Endocrine Abstracts

JOINT1957

Introduction: Adrenocortical carcinomas are epithelial malignant tumors arising in the cortical zone of the adrenal gland. They are extremely aggressive and very rare, with an incidence of 1 to 2 cases / year / million population and a prevalence of 4 to 12 cases per million population, in contrast to benign adrenal tumors, which account for 3% of the general population over the age of 50. These tumors have been divided into non-functional and functional tumors. We report a rare case of adrenocortical carcinoma with co-secretion of aldosterone and cortisol.

Case report: A 46-year-old patient referred to our department for etiological assessment of malignant hypertension for 8 years and severe hypokalemia. He presented with edema of the lower limbs and acanthosis nigricans. The aldosterone/renin ratio (ARR) was 381 pmol/mUI, indicating aldosterone excess. Dexamethasone minute braking was negative at 9.7mg/dl. Abdominal CT scan revealed a large, relatively well-limited, calcified left adrenal mass with heterogeneous enhancement, measuring approximately 63 x 86 x90 mm, with no other abdominal lesions. The patient underwent unilateral adrenalectomy, which resulted in a large, ovoid, firm, whitish-grey mass. Pathological examination with immunohistochemical complement was compatible with adrenocortical carcinoma, a Weiss score of 3. Postoperatively, the patient’s blood pressure returned to normal and hypokalemia did not recur.

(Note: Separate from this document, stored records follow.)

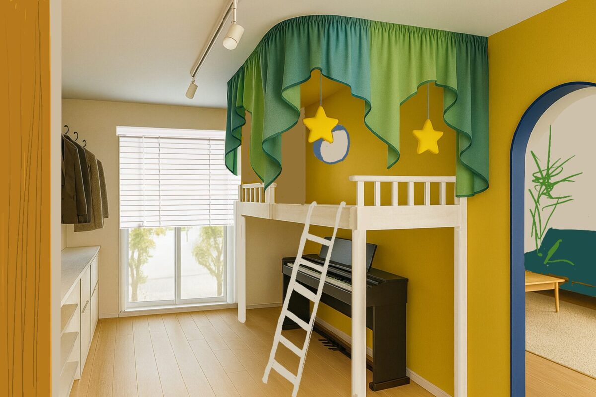 キッズエリアはファブリックの演出で楽しい空間にしたいものです。楽しい感じ、伝わりますか?パースがあるとイメージが広がりますよね!ところでこんな上飾りのカーテン、どうやって作るの?それはこれから業者さんと鬼のような打ち合わせが(笑)
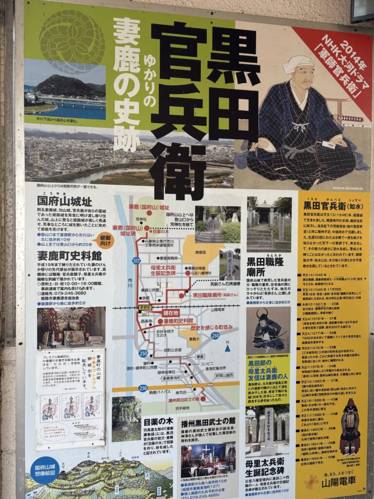 妻鹿駅の改札を出たところには黒田官兵衛の史跡についての案内板があります。
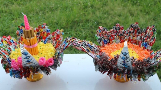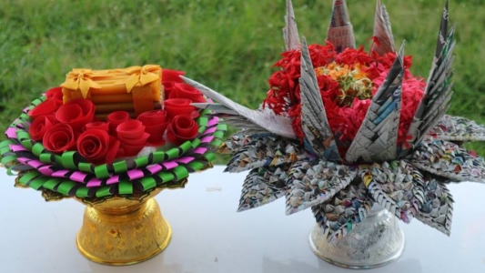 หัวข้อข่าว : พานไหว้ครูจากวัสดุรีไซเคิลโรงเรียนไทรย้อยพิทยาคม
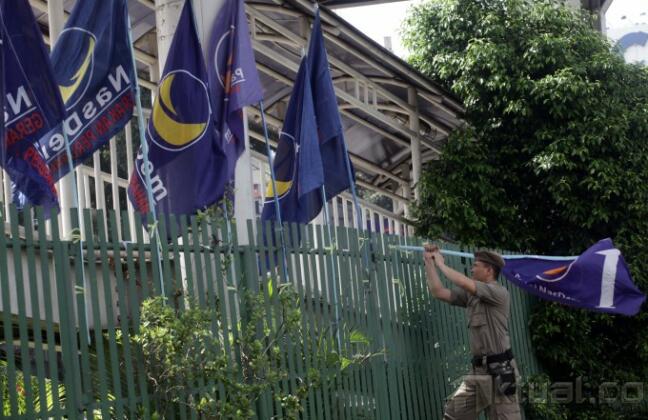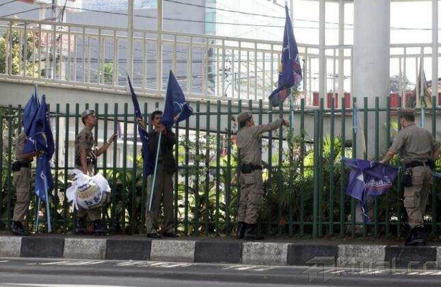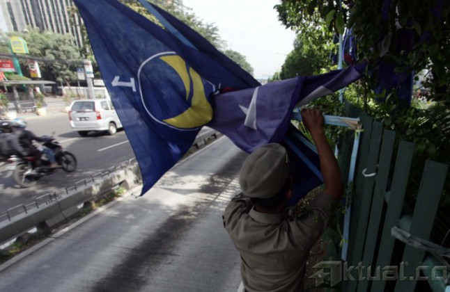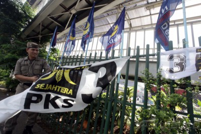 Petugas Satpol Pamong Praja melakukan penertiban terhadap alat peraga kampanye di kawasan Matraman, Jakarta Pusat (7/4/2014). Setelah masa kampanye berakhir petugas terus melakukan penertiban atribut kampanye di seluruh wilayah berkaitan dengan memasuki masa tenang. Aktual/Tino Oktaviano
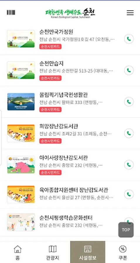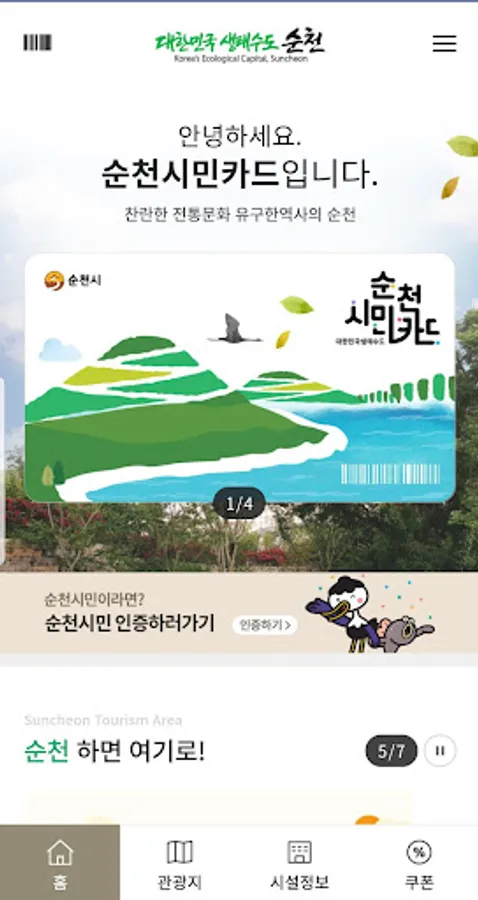 - 모바일 순천시민카드로 여러 시설의 회원으로 인증 받을 수 있습니다.
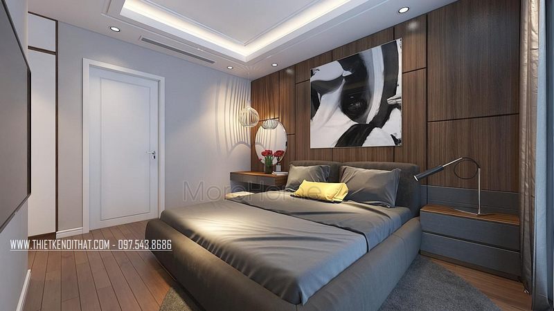 Thiết kế phòng ngủ master cho biệt thự, nhà phố theo phong cách hiện đại, bố trí gương hoa trang trí chính diện hợp phòng thủy
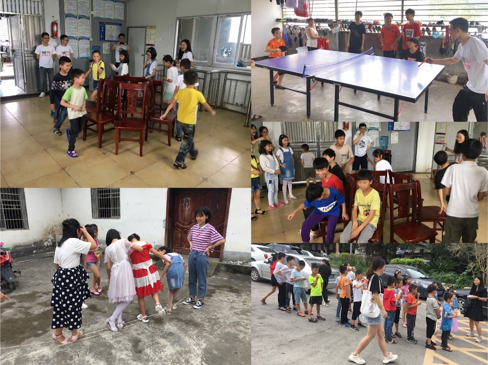 接下来几天,实践队和小朋友们一起开展了课外游戏和户外活动:从充满童真童趣的萝卜蹲、击鼓传花、你画我猜、猜数字、摸瞎子、跳绳等课外游戏,到一起去镇子上观看篮球赛,去河边烧烤等户外活动。丰富多彩的活动不仅使小朋友们收获了快乐也拉进了队员们与小朋友们之间的距离,增进了彼此间的情感�
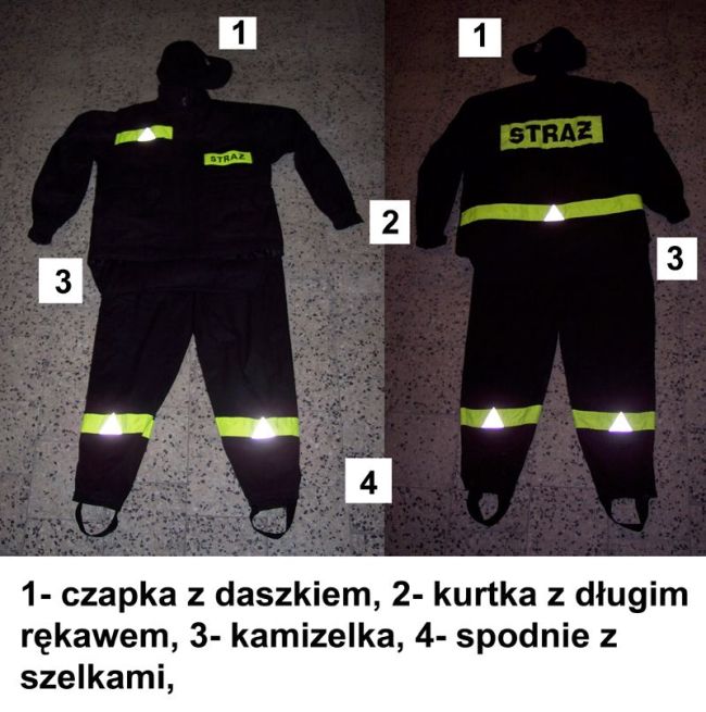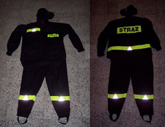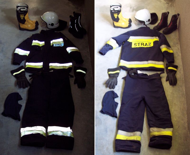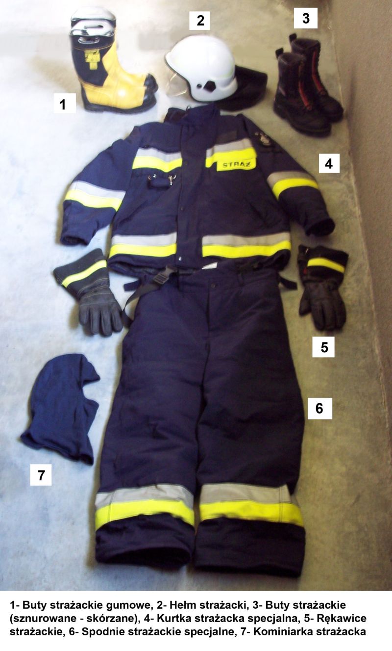 Ubranie strażackie specjalne (kurtka + spodnie z szelkami), Hełm strażacki, kominiarka, rękawice oraz buty strażackie Całość tworzy niezbędny (wymagany przepisami) komplet chroniący przed płomieniem, przenikaniem, ciepła, wody, niektórych substancji chemicznych oraz urazami mechanicznymi. Używane podczas akcji związanych z gaszeniem pożarów, usuwaniem wypadków drogowych oraz wielu innych interwencji. Liczne elementy odblaskowe oraz fluorescencyjne poprawiają widoczność strażaka.
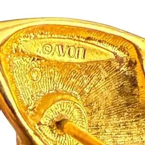 Adorable vintage Avon brooch featuring a mother cat and her playful kitten linked together by a fine chain. The kitten carries a sparkling clear rhinestone accent, adding charm to this whimsical design. Both pieces are finished in rich gold tone and are signed © AVON on the reverse.
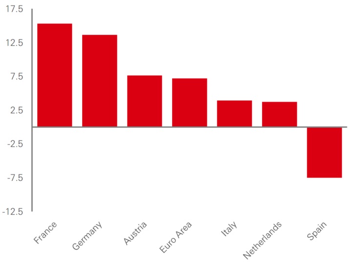 Figure 9: Predicted change in net debt to GDP to 2030 (IMF Fiscal Monitor, per cent)
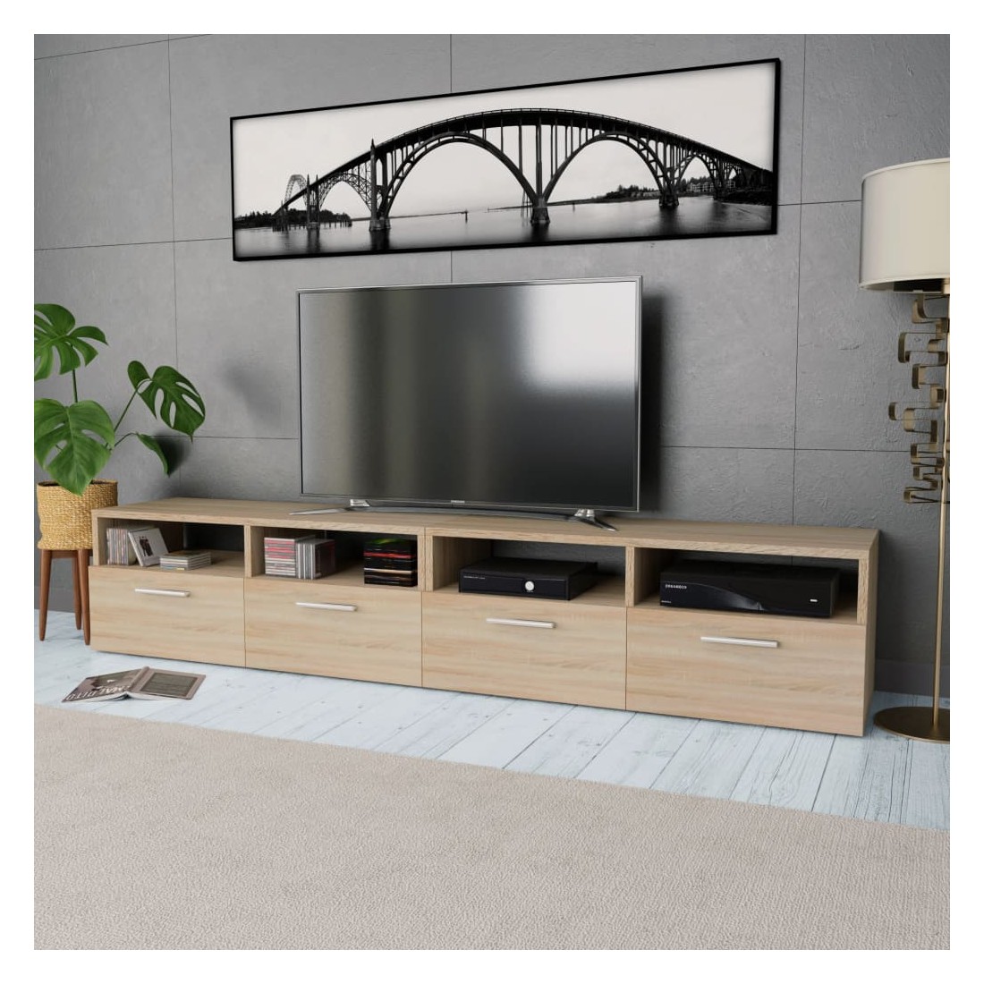 Les meubles TV modernes ont un design sobre et pratique et conviendront à n'importe quel décor de maison. Les meubles HiFi sont en bois d’ingénierie avec des bords en PVC et sont stables et durables. Chaque meuble a deux étagères ouvertes et deux armoires avec des portes s'ouvrant vers le bas qui ont amplement d'espace de rangement pour votre lecteur DVD, console de jeu, récepteur numérique ou vos supports média. Les meubles TV seront un excellent supplément à votre chambre à coucher ou salon. L'assemblage est facile. La livraison comprend 2 armoires TV.
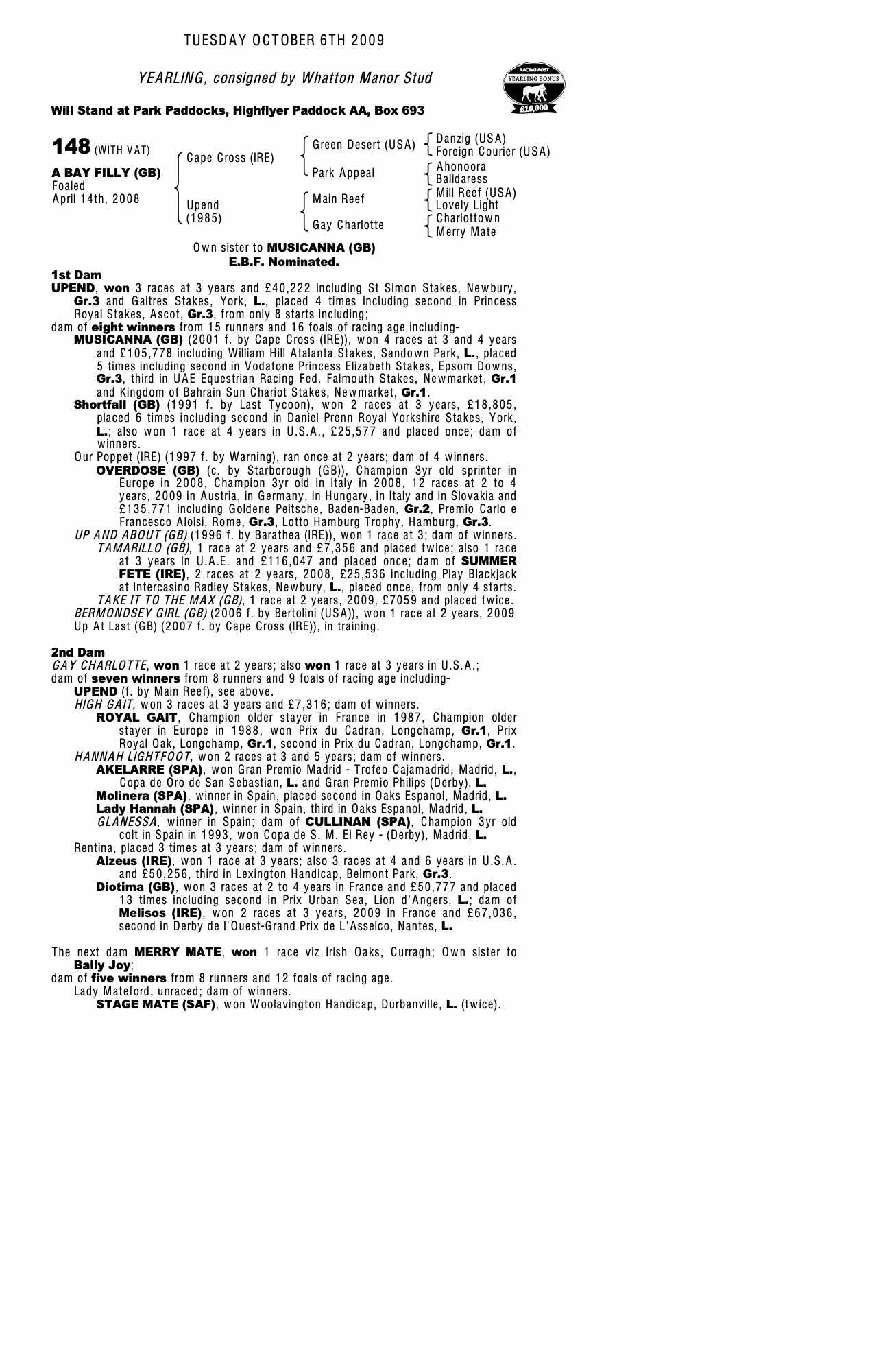 Consignor: Whatton Manor Stud
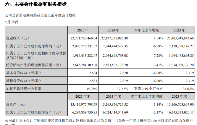 高比例分红的同时,苏泊尔的整体经营基本保持稳定。2025年,公司实现营业收入227.72亿元,同比增长1.54%;归母净利润20.97亿元,同比下降6.58%。

Discussion: Adrenocortical carcinoma is a rare malignancy. The clinical presentation is variable. Functional or secretory adrenocortical carcinomas cause an endocrine syndrome. In order of frequency, this may be isolated hypercorticism or hypercorticism associated with virilization or feminization, or primary hyperaldosteronism, as in the case of our patient. The literature confirms the rarity of exclusive aldosterone production by adrenocortical carcinoma. The diagnosis is made in the presence of signs of hormonal hypersecretion dependent on the hormone synthesis pathway developed by the tumoral endocrine tissue, or in the presence of a tumoral syndrome. Adrenal CT is the first-line examination for adrenal exploration in cases of hormonal hypersecretion syndrome. Surgery is the first-line treatment, whatever the type of secretion. In cases of recurrence where excision has been incomplete or rejected, the second-line treatment is mitotane alone or combined with chemotherapy. Adjuvant radiotherapy is not systematic, and is mainly used to treat secondary bone or brain damage.

Conclusion: This case illustrates the importance of a comprehensive hormonal evaluation of patients presenting with a picture of primary hyperaldosteronism with or without functional signs of hypercorticism, to diagnose these likely underestimated co-secretions.